Неподалеку за столиком – Габриэль Шанель со своим лейтенантом в форме и еще одной молодой женщиной, Франк ее не знает. Ну прямо раскрашенная кукла. Брюнетка со светлой кожей и тонкими чертами лица, орлиным носом и горящими глазами. Незнакомка держит на коленях желтоглазого кота и медленно его гладит.

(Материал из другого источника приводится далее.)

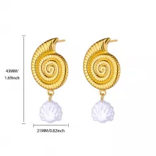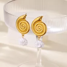 - Spiral-textured conch design paired with elegant pearl drop

Франк прислушивается: в ее безупречном французском звучит почти незаметный немецкий акцент. Она рассказывает, что была накануне на выставке Брекера и как здорово разыграла гостей во вторник Жозе де Шамбрен. Дочь Пьера Лаваля торжественно объявила собравшимся, что Арно Брекер подарил ей «оригинал своей знаменитой статуи». И тут в гостиную вводят юношу атлетического телосложения – и абсолютно голого! Габриэль Шанель смеется. Женщина с котом бросает Франку многозначительный взгляд.
Это уже второй. Что же она за птица?
Узнать разгадку он уже не успеет – в баре звонит телефон, Лучано машет ему рукой.

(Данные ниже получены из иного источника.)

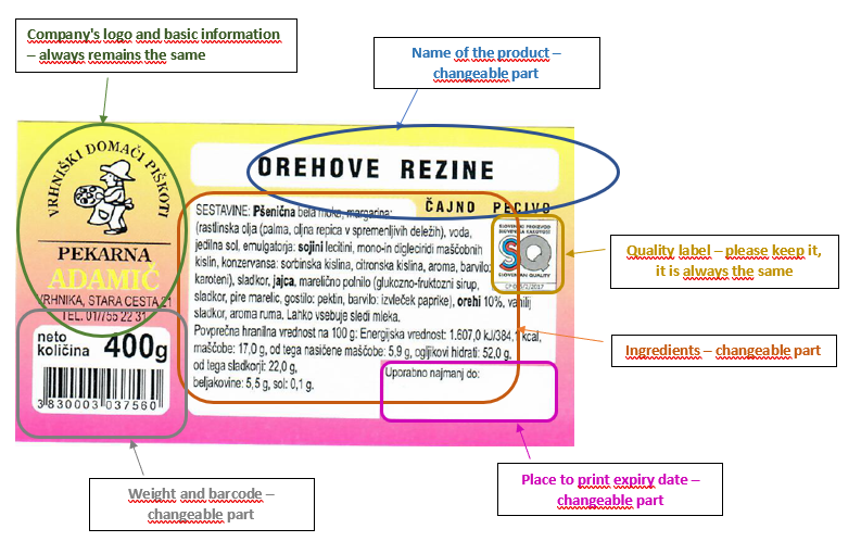 We would like a new general label design for several bakery products (biscuits), made by producer "Pekarna Adamič".

– Господин Элмигер хочет безотлагательно видеть вас в своем кабинете.
– Но у нас меньше часа до закрытия! Скажи, что я приду сразу после.
– Он требует, месье. Ему надо видеть вас немедленно, он говорит, что дело срочное.
Что там такого срочного? Элмигер давно балансирует на грани падения, нервы у него на пределе, всюду мерещится опасность.
– Войдите! – кричит директор, когда Франк стучится в дверь.
Племянник барона Пфейфера бледен, в губах зажата сигарета, в пепельнице догорает другая.
– Подойдите и сядьте, Франк, – говорит он, указывая на стул напротив.
На этот раз – точно какая-то пакость.
– Что случилось?
– Бланш Озелло только что арестована немецкой полицией.
Земля уходит у Франка из-под ног.
– Ее взяли вместе с Хармаевой, – резюмирует Эльмигер. – Они ужинали у «Максима». Заказали себе шампанского и лангустинов. Официант сказал, что лангустины закончились.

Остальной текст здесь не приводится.